Action item - Pull each line holding "Иоанн" out of the entries below.

Data for the task -
# # # # #

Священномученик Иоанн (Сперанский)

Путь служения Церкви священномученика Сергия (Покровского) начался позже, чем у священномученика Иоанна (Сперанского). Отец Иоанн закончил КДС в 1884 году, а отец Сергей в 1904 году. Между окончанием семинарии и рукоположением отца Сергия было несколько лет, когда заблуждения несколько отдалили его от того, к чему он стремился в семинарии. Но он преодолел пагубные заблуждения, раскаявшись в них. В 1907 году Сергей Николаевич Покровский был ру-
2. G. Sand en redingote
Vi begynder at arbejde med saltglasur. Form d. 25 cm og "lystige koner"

# # # # #

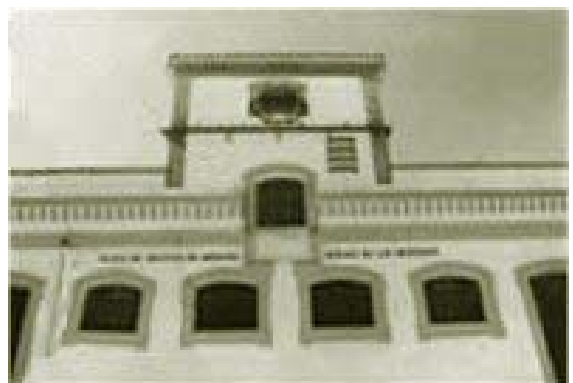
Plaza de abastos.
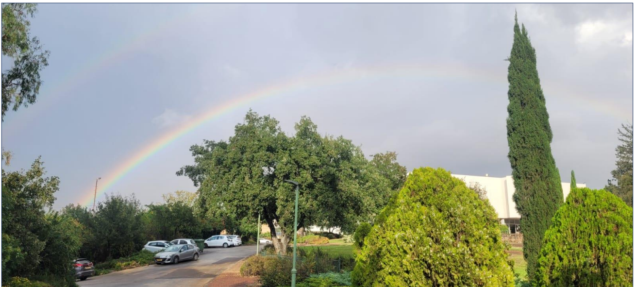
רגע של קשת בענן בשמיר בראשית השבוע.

# # # # #

Solution to this exercise -
Священномученик Иоанн (Сперанский)
Путь служения Церкви священномученика Сергия (Покровского) начался позже, чем у священномученика Иоанна (Сперанского). Отец Иоанн закончил КДС в 1884 году, а отец Сергей в 1904 году. Между окончанием семинарии и рукоположением отца Сергия было несколько лет, когда заблуждения несколько отдалили его от того, к чему он стремился в семинарии. Но он преодолел пагубные заблуждения, раскаявшись в них. В 1907 году Сергей Николаевич Покровский был ру-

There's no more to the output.